Dataset extract:
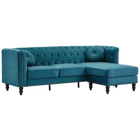 Vuoi creare un’atmosfera accogliente nel tuo soggiorno? Il divano TURNER sarà il tuo divano ideale. Ispirato al mitico modello chesterfield, darà un tocco vintage ai tuoi interni. Il rivestimento in velluto e la finitura con borchie lo rendono un divano glamour che aggiungerà morbidezza e stile alla tua stanza. Grazie alla sua angolazione reversibile, puoi scegliere l’angolo più adatto al tuo salotto in un batter d’occhio.
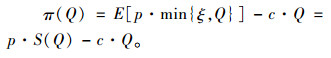 下游企业期初制定批发价格wB,期末需求发生后以价格p卖出所订购的min{ξ, QB}的产品,因此下游企业的最优化问题为
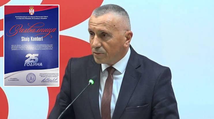 Trupi Koordinues i Qeverisë së Republikës së Serbisë, me rastin e shënimit të 25-vjetorit të themelimit të tij, u ka ndarë mirënjohje disa personave për të cilët vlerëson se kanë dhënë kontribut për paqen dhe stabilitetin në komunat Preshevë, Bujanoc dhe Medvegjë. Ndër fituesit e kësaj mirënjohjeje jam edhe unë, në cilësinë e deputetit në Kuvendin Popullor të Republikës së Serbisë.
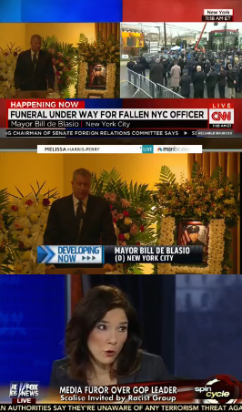 CNN and MSNBC both broke into regular programming to cover Mayor Bill de Blasio and Commissioner Bill Bratton’s eulogies for officer Wenjian Liu, and led up to the event with live commentary. Fox, however, stayed with MediaBuzz while streaming the remarks online. Below are screenshots of the three networks just after de Blasio began his remarks:

Problem description: Print each line from the one containing "Trupi Koordinues i" through the last line of the listing, both included, exactly and with no pictures.

Exercise output:
 Trupi Koordinues i Qeverisë së Republikës së Serbisë, me rastin e shënimit të 25-vjetorit të themelimit të tij, u ka ndarë mirënjohje disa personave për të cilët vlerëson se kanë dhënë kontribut për paqen dhe stabilitetin në komunat Preshevë, Bujanoc dhe Medvegjë. Ndër fituesit e kësaj mirënjohjeje jam edhe unë, në cilësinë e deputetit në Kuvendin Popullor të Republikës së Serbisë.
 CNN and MSNBC both broke into regular programming to cover Mayor Bill de Blasio and Commissioner Bill Bratton’s eulogies for officer Wenjian Liu, and led up to the event with live commentary. Fox, however, stayed with MediaBuzz while streaming the remarks online. Below are screenshots of the three networks just after de Blasio began his remarks:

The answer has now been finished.